De plus en plus souvent, dans les conflits, nos chercheurs ne peuvent pas s’approcher des lieux où se déroulent les exactions parce qu’ils ne sont pas en sécurité ou qu’on leur interdit d’entrer dans le pays. Grâce à notre laboratoire d’enquêtes numériques, nous sommes en mesure d’utiliser la technologie pour corroborer et renforcer nos recherches sur le terrain, ainsi que les témoignages oculaires qui nous ont été communiqués par téléphone, ou au moyen d’une application de messagerie. Ces chercheurs parcourent Internet à la recherche de preuves provenant de sources ouvertes, telles que les photos et les vidéos publiées par des internautes sur les réseaux sociaux. Ils effectuent également des analyses numériques pour confirmer la véracité de ce qu’ils trouvent, et ils triangulent les photos ou les vidéos qui montrent des abus avec des images satellites et des analyses géospatiales pour en confirmer l’exactitude.
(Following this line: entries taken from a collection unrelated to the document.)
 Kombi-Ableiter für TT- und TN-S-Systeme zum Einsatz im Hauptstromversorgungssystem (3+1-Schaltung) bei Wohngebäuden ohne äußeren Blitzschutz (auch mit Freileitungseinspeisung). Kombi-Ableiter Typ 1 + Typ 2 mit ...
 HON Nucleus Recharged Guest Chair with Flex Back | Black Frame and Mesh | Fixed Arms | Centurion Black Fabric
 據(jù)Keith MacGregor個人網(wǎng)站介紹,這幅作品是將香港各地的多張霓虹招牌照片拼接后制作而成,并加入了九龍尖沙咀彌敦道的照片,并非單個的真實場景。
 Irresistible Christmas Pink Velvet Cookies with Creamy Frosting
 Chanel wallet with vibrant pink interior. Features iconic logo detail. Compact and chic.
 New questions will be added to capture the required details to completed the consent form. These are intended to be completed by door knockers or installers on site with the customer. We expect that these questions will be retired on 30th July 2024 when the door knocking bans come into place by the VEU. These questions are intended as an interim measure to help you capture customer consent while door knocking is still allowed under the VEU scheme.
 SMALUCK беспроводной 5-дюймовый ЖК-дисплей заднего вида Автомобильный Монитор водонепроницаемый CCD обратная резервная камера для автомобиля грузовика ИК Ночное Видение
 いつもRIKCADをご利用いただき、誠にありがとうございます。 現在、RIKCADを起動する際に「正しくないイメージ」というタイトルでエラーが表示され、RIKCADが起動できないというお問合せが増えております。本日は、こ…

Nous avons utilisé des images satellite au Myanmar en 2017 pour aider à révéler l’incendie qui a ravagé 700 bâtiments dans un village de l’ethnie Rohingya dans l’État de Rakhine. Les images montrent de grandes zones brûlées et une couverture arborée détruite qui correspondent à une destruction à grande échelle, et corroborent les récits des réfugiés qui ont décrit les meurtres et les incendies criminels perpétrés par les soldats et la police birmans, ainsi que par des groupes de l’ethnie Rakhine.
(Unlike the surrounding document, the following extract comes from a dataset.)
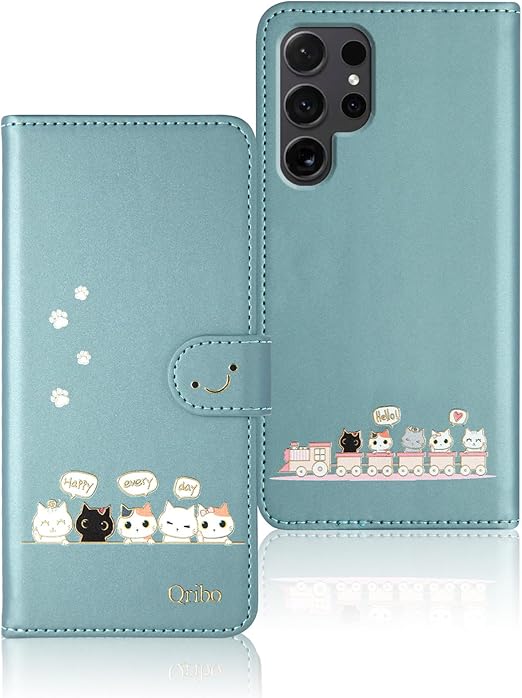 Qribo Galaxy S25 Ultra ケース 手帳型 シンプルなのに可愛いデザイン エンボス加工猫柄 うれしい気持ち 6.8インチ対応 ギャラクシーs25 ultra ケース Samsung Galaxy S25 Ultra スマホケース Galaxy S25 Ultra 手帳型 ケース ギャラクシーs25ウルトラ ケース 薄型 防水 の耐久性 滑り防止 美しい 贈り物 友達 - ブルー a
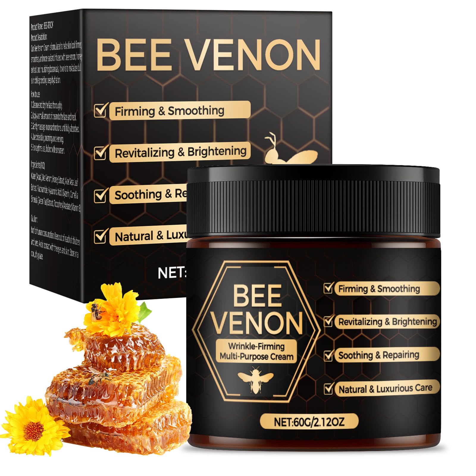 Visibly reduces wrinkles and fine lines SAFETY WARNING For external use only. Perform a patch test before first use. Do not use if you are allergic to bee stings or bee products (e.g. honey or propolis). Avoid contact with the eyes in case of contact, rinse thoroughly with water. Not suitable for children. Pregnant or breastfeeding women should consult a doctor before use. Discontinue use if irritation occurs. Store in a cool, dry place and protected from direct sunlight.Visibly reduces wrinkles and fine lines.Bienenvenom Anti-aging gezichtscrème, hydraterende en verstevigende verzorging met hyaluronzuur, rimpelcrème, 60 g Vermindert zichtbaar rimpels en fijne lijntjes VEILIGHEIDSWAARSCHUWING Alleen voor uitwendig gebruik. Voer voor het eerste gebruik een patchtest uit. Niet gebruiken als je allergisch bent voor bijensteken of bijenproducten (bijv. honing of propolis). Vermijd contact met de ogen bij contact grondig met water uitspoelen. Niet geschikt voor kinderen. Zwangere vrouwen of vrouwen die borstvoeding geven, moeten voor gebruik een arts raadplegen. Stop het gebruik als irritatie optreedt. Bewaren op een koele, droge plaats en beschermd tegen direct zonlicht.Vermindert zichtbaar rimpels en fijne lijntjes.

Notre division « Armes » est spécialisée dans l’analyse des armes de toutes provenances et dans le contrôle du respect des traités. Entre autres activités, elle mène des enquêtes sur le terrain, effectue des recherches dans des livres et collabore avec des sources techniques et des équipes de recherche pour identifier le type d’armes utilisées en analysant les restes, les cratères d’impact et d’autres informations que les munitions laissent derrière elles après avoir été utilisées. La division vérifie et documente également les cas où des armes controversées sont utilisées, notamment des armes incendiaires comme le phosphore blanc, qui provoque de graves brûlures thermiques sur les personnes touchées. Nous rendons compte des nouvelles utilisations d’armes à sous-munitions et de mines terrestres antipersonnel, interdites au niveau international en raison de leur caractère intrinsèquement indiscriminé à l’égard de la population civile.

Des femmes éthiopiennes faisaient la queue pour puiser de l'eau dans un réservoir situé près d’un complexe de bâtiments abandonnés, hébergeant des personnes déplacées, dans la banlieue de Dubti, ville située dans la région Afar dans le nord de l'Éthiopie, le 7 juin 2022. © 2022 Eduardo Soteras/AFP/Getty Images

Par ailleurs, la division plaide pour un renforcement du droit international afin de mieux protéger les civils contre les moyens ou méthodes de guerre problématiques dans les futurs conflits armés. Enfin, nos représentants font campagne pour mettre un terme aux transferts d’armes vers des forces ou des groupes armés susceptibles de les utiliser en violation des lois de la guerre.

Quels types de recherches ont récemment été menées par Human Rights Watch ?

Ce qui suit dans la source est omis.